When writing out the entries below, keep only the lines from the line with "Eight-Layer Safety Protection:Features" to the line with "The oval table", both included, exactly as they are, and leave the pictures aside.
[[ DATA EXTRACT open ]]
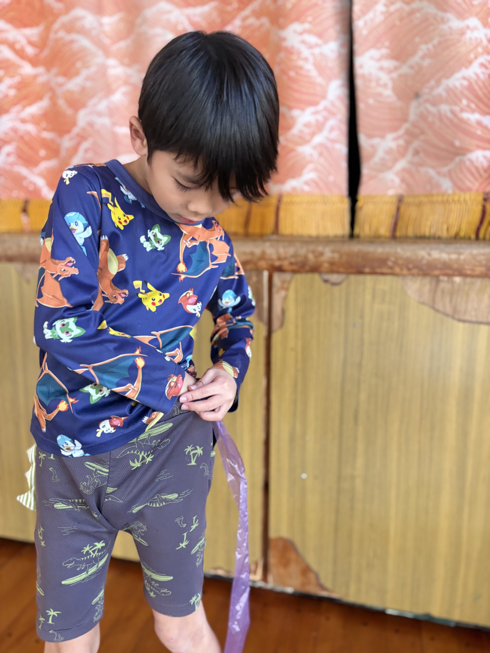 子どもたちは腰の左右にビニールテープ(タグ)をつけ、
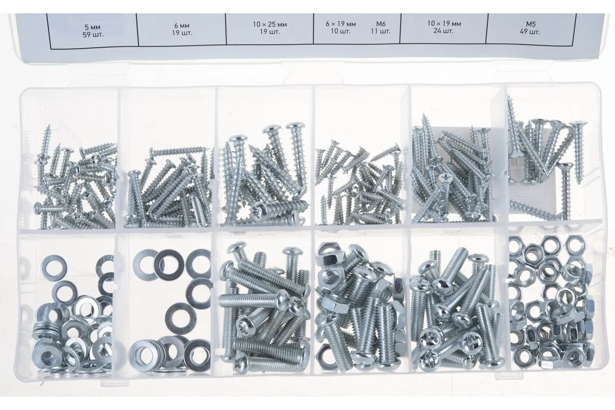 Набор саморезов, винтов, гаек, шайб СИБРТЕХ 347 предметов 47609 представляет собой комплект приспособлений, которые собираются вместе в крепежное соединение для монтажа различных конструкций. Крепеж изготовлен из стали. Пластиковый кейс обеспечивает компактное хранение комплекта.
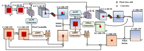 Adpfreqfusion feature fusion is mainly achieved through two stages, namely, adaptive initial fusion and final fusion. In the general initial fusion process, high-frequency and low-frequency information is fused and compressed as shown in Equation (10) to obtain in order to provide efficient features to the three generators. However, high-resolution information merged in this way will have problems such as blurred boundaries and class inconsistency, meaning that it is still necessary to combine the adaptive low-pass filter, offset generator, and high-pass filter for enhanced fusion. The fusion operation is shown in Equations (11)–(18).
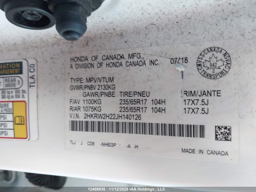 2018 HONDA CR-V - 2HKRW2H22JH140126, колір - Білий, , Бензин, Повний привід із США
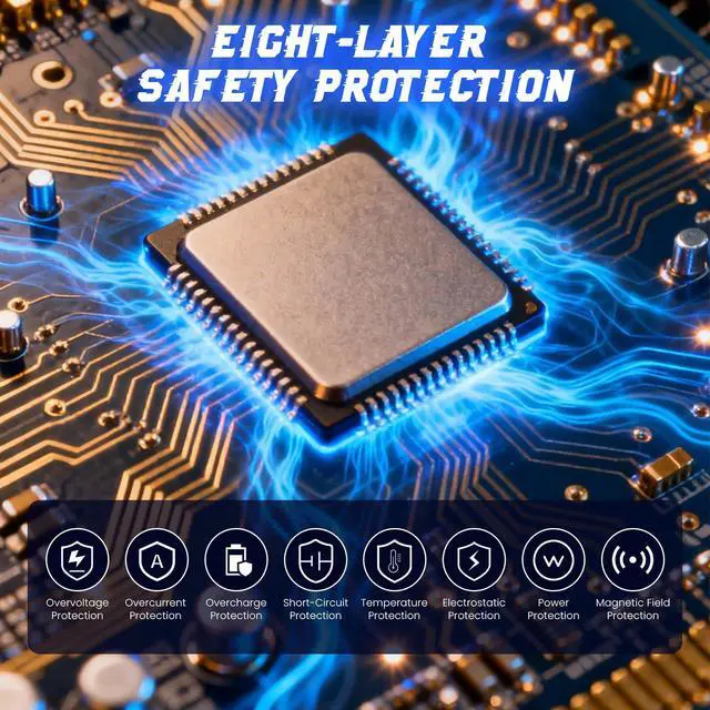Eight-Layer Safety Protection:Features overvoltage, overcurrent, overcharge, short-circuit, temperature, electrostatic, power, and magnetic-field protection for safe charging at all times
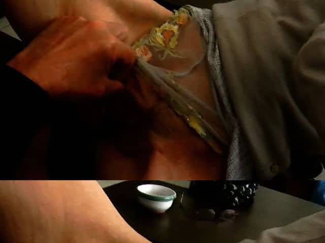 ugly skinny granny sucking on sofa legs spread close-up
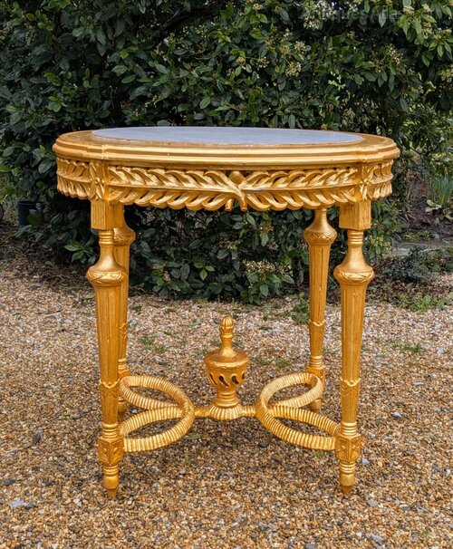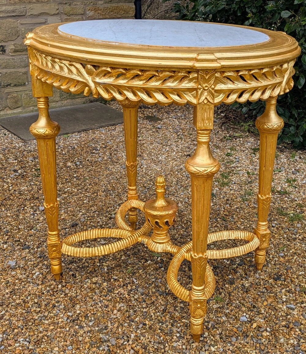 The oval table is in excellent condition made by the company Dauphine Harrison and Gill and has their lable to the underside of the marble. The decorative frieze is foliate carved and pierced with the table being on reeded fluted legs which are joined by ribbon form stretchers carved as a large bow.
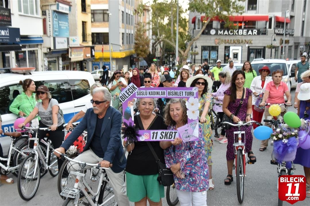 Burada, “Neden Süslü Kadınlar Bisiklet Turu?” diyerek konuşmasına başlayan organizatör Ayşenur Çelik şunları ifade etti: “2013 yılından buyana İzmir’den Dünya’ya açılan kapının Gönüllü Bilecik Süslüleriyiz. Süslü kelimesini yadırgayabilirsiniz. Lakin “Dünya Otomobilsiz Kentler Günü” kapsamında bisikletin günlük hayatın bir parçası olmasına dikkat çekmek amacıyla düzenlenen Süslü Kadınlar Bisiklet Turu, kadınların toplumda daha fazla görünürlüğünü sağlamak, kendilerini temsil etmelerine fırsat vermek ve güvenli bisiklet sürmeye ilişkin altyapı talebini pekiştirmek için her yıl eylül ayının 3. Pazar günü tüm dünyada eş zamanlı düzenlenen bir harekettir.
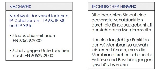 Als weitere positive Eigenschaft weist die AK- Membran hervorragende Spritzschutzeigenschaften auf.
[[ DATA EXTRACT closed ]]
▶ TASK OUTPUT
Eight-Layer Safety Protection:Features overvoltage, overcurrent, overcharge, short-circuit, temperature, electrostatic, power, and magnetic-field protection for safe charging at all times
 ugly skinny granny sucking on sofa legs spread close-up
 The oval table is in excellent condition made by the company Dauphine Harrison and Gill and has their lable to the underside of the marble. The decorative frieze is foliate carved and pierced with the table being on reeded fluted legs which are joined by ribbon form stretchers carved as a large bow.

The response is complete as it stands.